Common irregular Dutch verbs: gaan, staan, zien, doen, komen

The high-frequency irregular verbs gaan, staan, slaan, zien, doen and komen β€” present, past and participle for the verbs you meet on day one.

After zijn and hebben, the next verbs you meet are a small group of everyday irregulars: gaan (to go), staan (to stand), slaan (to hit), zien (to see), doen (to do) and komen (to come). Their present tense follows the normal rules, but the past and the participle change in ways you cannot predict β€” you learn them by heart: Ik ga naar huis. (I am going home.) β†’ Ik ging naar huis. (I went home.)

How they conjugate

The present tense is regular (ik-form + nothing, jij/hij-form + -t, plural = infinitive); only the past and participle are irregular. In gaan, staan and slaan the ik-form is written with one a (ga, sta, sla), because the vowel sits at the end of an open syllable. Once you add the -t, that syllable closes, so Dutch writes aa to hold the same long sound: gaat, staat, slaat. This is the ordinary open/closed-syllable rule at work, not a special verb ending.
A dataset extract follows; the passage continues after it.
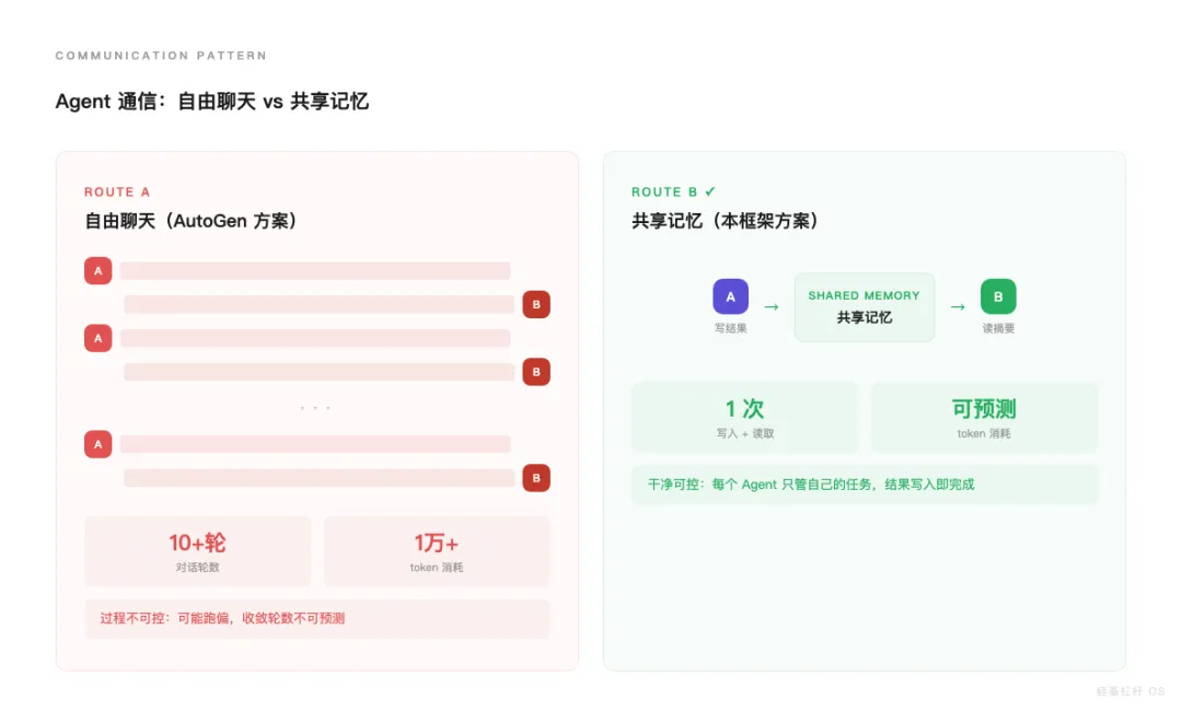 两个 Agent 来回 10 轮,轻松上万 token。而且过程不可控——你不知道它们会不会聊跑偏,也不知道要聊多少轮。
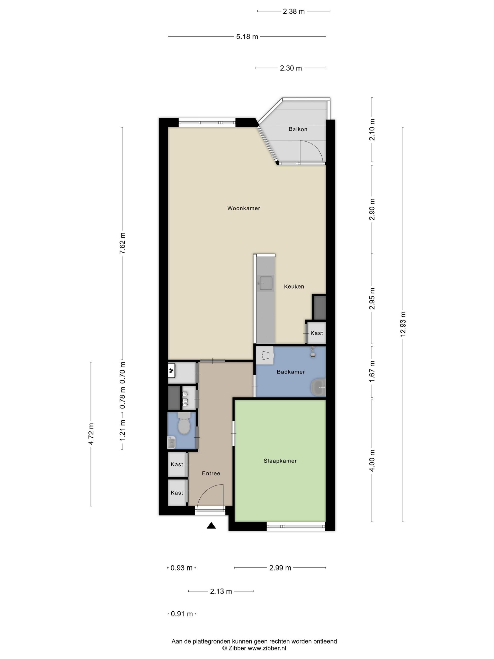 - Ruime woonkamer toegang tot balkon aan de voorzijde van de woning

Infinitiveikjij / hijPast (sing. / plur.)Participle
gaan (to go)gagaatging / gingengegaan
staan (to stand)stastaatstond / stondengestaan
slaan (to hit)slaslaatsloeg / sloegengeslagen
zien (to see)ziezietzag / zagengezien
doen (to do)doedoetdeed / dedengedaan
komen (to come)komkomtkwam / kwamengekomen

Two forms are worth a closer look. Zien and doen already end in a vowel pair (ie, oe), so you drop only the -n to reach the ik-form: zie, doe. Komen is the odd one: its present tense behaves like a short-vowel verb, so the o stays short and single throughout (ik kom, jij komt, wij komen), even though the infinitive komen sounds long. You just have to remember the short o in kom.

Gaan and komen describe movement to a place, so they build the present perfect with zijn, not hebben: Ik ben naar de markt gegaan. (I went to the market.), Ze is te laat gekomen. (She arrived too late.). The other four take hebben: Ik heb het gedaan. (I did it.) β€” see hebben or zijn?.

When you meet them

  • gaan + a place, or gaan + an infinitive for the near future: Ik ga koken. (I am going to cook.)
  • komen for arriving or coming: Kom je vanavond? (Are you coming tonight?)
  • doen for doing and for many fixed phrases: boodschappen doen (to do the shopping), Wat doe je? (What are you doing?)
  • staan for standing and for things being written or located: Het staat in de krant. (It is in the paper.)
  • zien for seeing; it needs an object: Ik zie je morgen. (I'll see you tomorrow.)
  • slaan for hitting; it takes a direct object: Ze sloeg hem. (She hit him.)

Mistakes to avoid

The trap is treating these like regular verbs and adding -te / -de in the past. There is no gaante or ziende past tense β€” the vowel changes instead: ging, zag, deed, kwam, stond, sloeg. In the same way the participles do not end in -d / -t: three end in -en (geslagen, gezien, gekomen) and three in -aan (gegaan, gestaan, gedaan).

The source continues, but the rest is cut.